Looking at the listing below, work out the number of lines where the string "Loft" shows up, and give that number only.

RECORDS FOR THIS TASK Start Marker

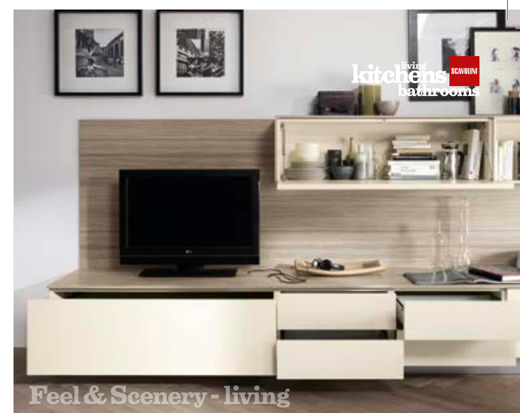
Feel & Scenery - living

Wood, glossy or matt lacquers, glass and aluminium, today Scavolini interprets the living area with ever-different aesthetic solutions: classic or contemporary, measured or surprising, but always created to offer complete, practical solutions with all your Scavolini quality.
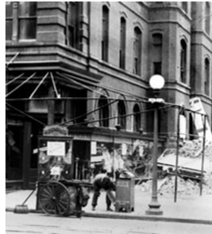
During the second half of the 19th century, iron plumbing pipe became a popular material for fixed awning frames. Here, a pipe frame without its canvas cover extends around the corner of a building in Washington, D.C.

Operable Awnings. In the second half of the 19th century, manufactured operable awnings grew in popularity. Previously, most awnings had fixed frames—the primary way to retract the covering was to roll it up the rafters by hand. Operable systems for both storefront and window awnings had extension arms that were hinged where they joined the facade. The arms were lowered to project the awning or raised to retract the awning using simple rope and pulley arrangements. Because the canvas remained attached to the framework, retractable awnings allowed a more flexible approach to shading—shopkeepers and owners could incrementally adjust the amount of awning coverage depending upon the weather conditions. When the sun came out from behind clouds, the awning could be deployed with ease. In case of sudden storms, owners could quickly retract the awning against the building wall where it was protected from wind gusts.
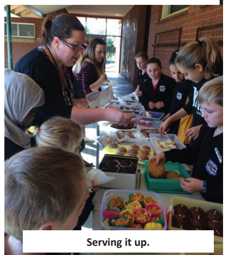
Serving it up.
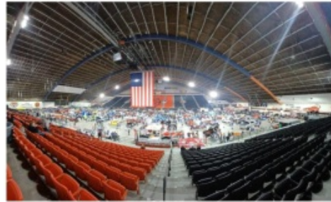
Chrome in the Dome March 15-16
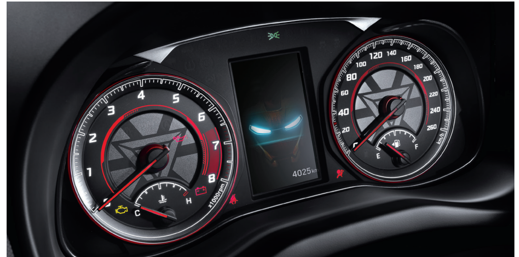
Specially designed 4.2-inch color Multi-Information Display (supervision) Jarvis inspired Heads-up Display startup animation
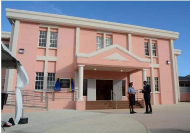
The Cane Garden Police Station & District 'D' and 'F' Magistrate's Courts was opened on 25 February 2018.
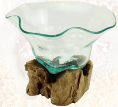
HA07008 9" DIA.
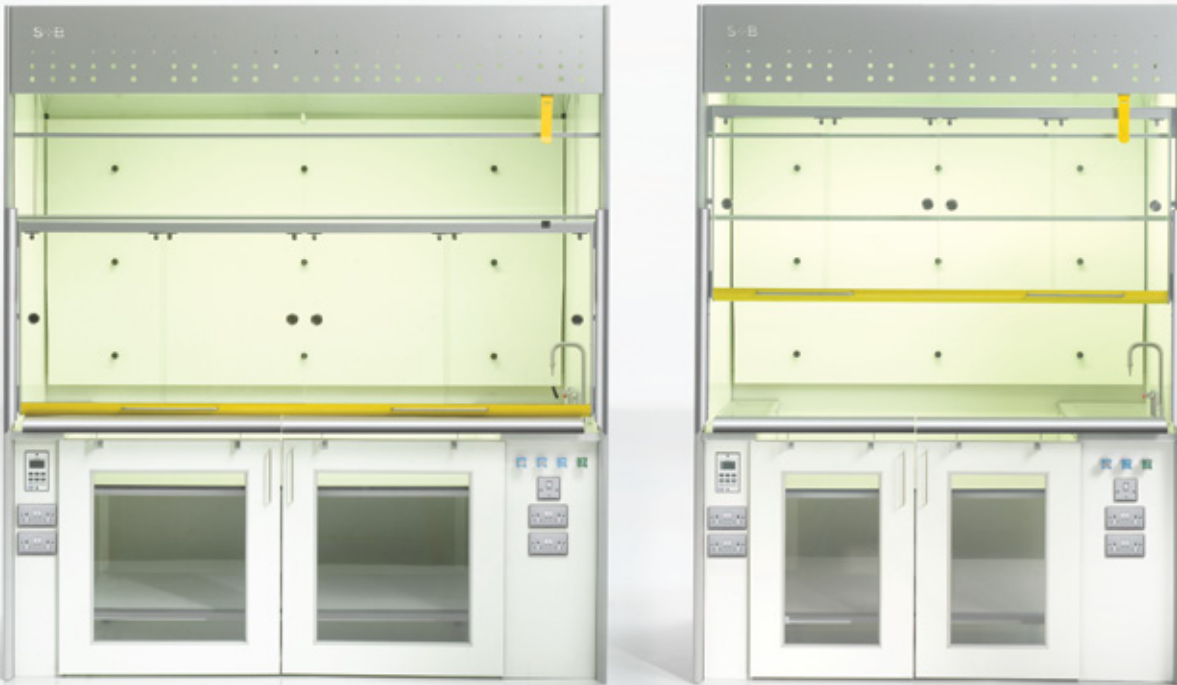
Supplied in standard and bespoke widths, with or without low level doors
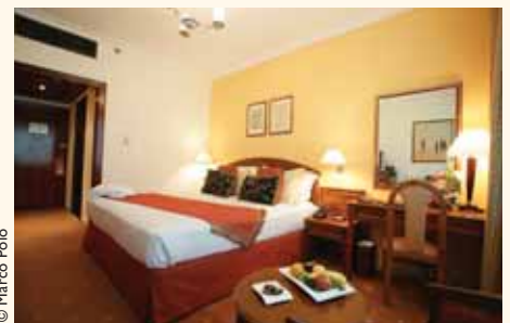
Marco Polo Hotel

Surrounded by 38 acres of gardens and only minutes from the city's shopping districts, Le Meridien combines contemporary luxury with Dubai's European flair. The hotel features 383 elegantly furnished rooms with all modern amenities including internet access, 18 restaurants, 3 swimming pools, fitness studio and tennis courts.
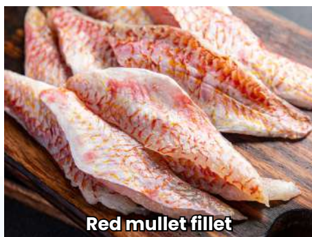
Red mullet fillet
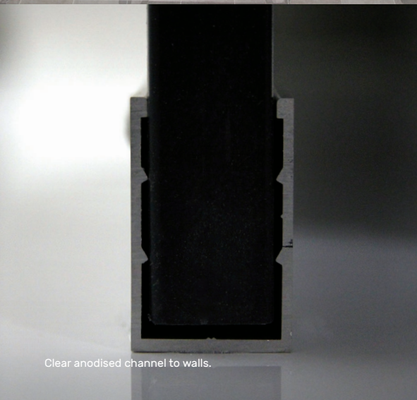
Clear anodised channel to walls.

At TPI we have developed unique detailing and features specific for use in education facilities. These products enable safety, security, emergency access, and reduced maintenance.
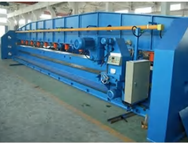
Automatic edge milling machine
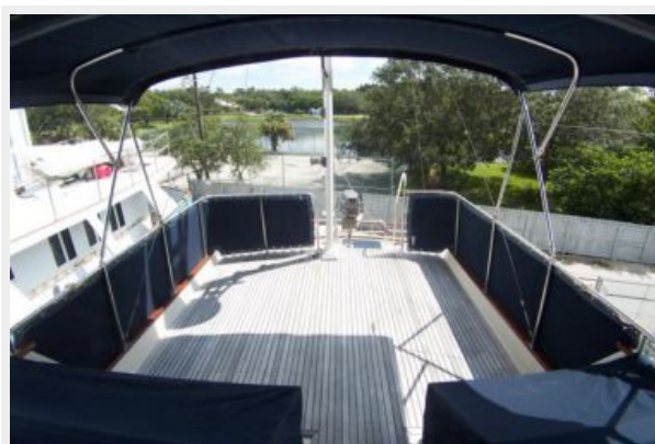
Flybridge Aft Deck
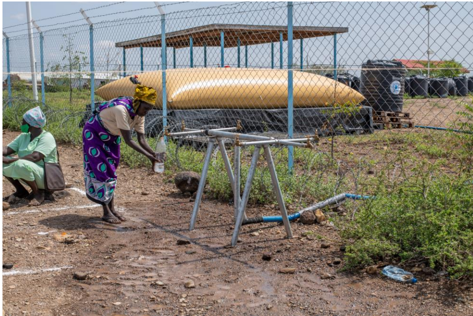
A woman fills her water bottle from a water tap, connected to a bladder tank, installed to provide clean drinking water during the Proof of Life activity in Kalobeyei settlement.
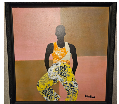
Entitled, Wide-leg Jeans, using Samuel Adams cans (Boston)
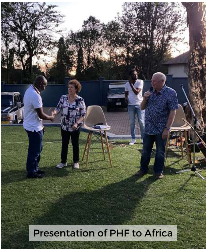
Presentation of PHF to Africa
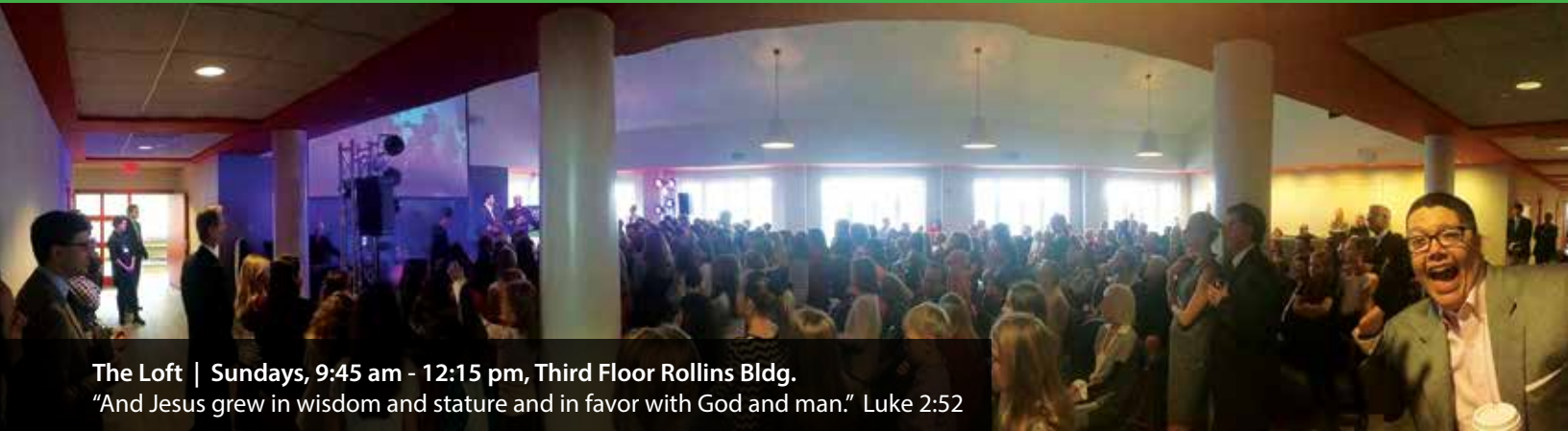
The Loft | Sundays, 9:45 am - 12:15 pm, Third Floor Rollins Bldg. "And Jesus grew in wisdom and stature and in favor with God and man." Luke 2:52

Our newly renovated space for 3rd, 4th and 5th graders has opened! Each week our children join together to learn and experience God's amazing story. More additions to The Loft will be taking place in the coming months to inspire and welcome our kids. Stay tuned for more stories of faith!
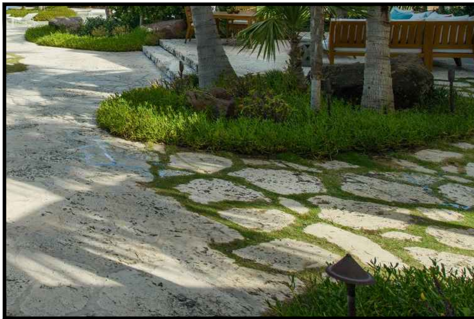
CPTED PRINCIPLE No.4 MAINTENANCE THE SELECTED HARDSCAPE MATERIALS ARE EASY TO MAINTAIN BY MAINTENANCE STAFF. THE FACILITY IS EXPECTED TO BE MANNED FULL TIME DURING OPERATING HOURS ALONG WITH THE USE OF THE CITY'S CCTV NETWORK.
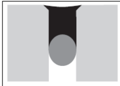
Flush joint design prevents trip hazards and dirt traps

Backing: Use closed cell, polyethylene foam backing rods.
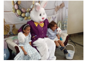
KIDS EASTER PARTY 2023

Unlike most communities in South Florida, we are not an HOA. There are no mandatory fees. ALL RESIDENTS of Florida Gardens are members of the Florida Gardens Civic Association, and your voluntary annual contribution to the FGCA makes it possible to provide you and your family with events that bring our community together and make Florida Gardens such a great place to live. Even if you don't attend any of our family events, the community still needs your support. We ask for a contribution of at least $50 for the year, but ANY contribution amount is greatly appreciated. We Sincerely Thank You.
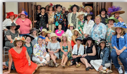
WCH Annual Meeting/Derby Style, May 2023
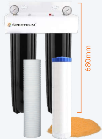
EWS-21K 1" Ports
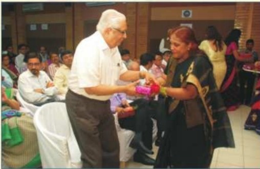
Welcoming the guests and invitees with flowers
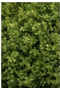
Green Beauty Boxwood Buxus microphylla japonica 'Green Beauty' Item #1395 Evergreen Hedge Plant
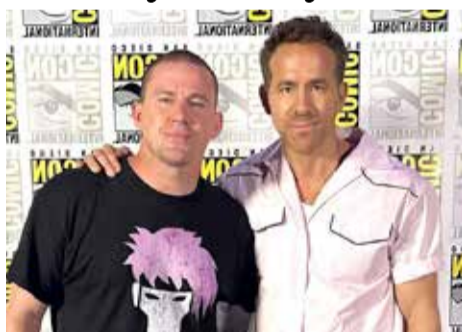
Channing Tatum and Ryan Reynolds

Channing wrote on Instagram: "I sat in the audience when Ryan showed his first peek of Deadpool 1 to the world and I think I ran back stage right after and found him and I think I just hugged him and was like holy s*** you did it man. It's perfect. I didn't know him really at all back then. But since
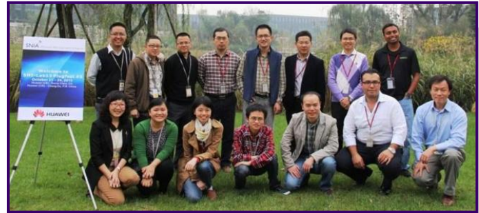
THANKS FOR HOSTING, HUAWEI! Outside Huawei's ChengDu Lab
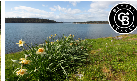
WATERFRONT CABIN ON ACREAGE $3,800,000 - LISTING ID 2255443
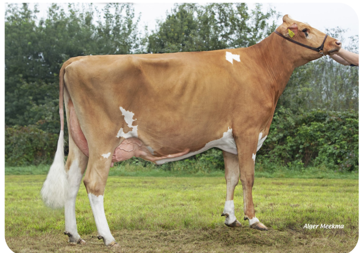
Lian 482 (s. Centrum)

Owner: Fok- en melkveebedrijf K.I. Samen B.V., Grashoek (NL)

RECORDS FOR THIS TASK End Marker

**TASK OUTPUT**. 2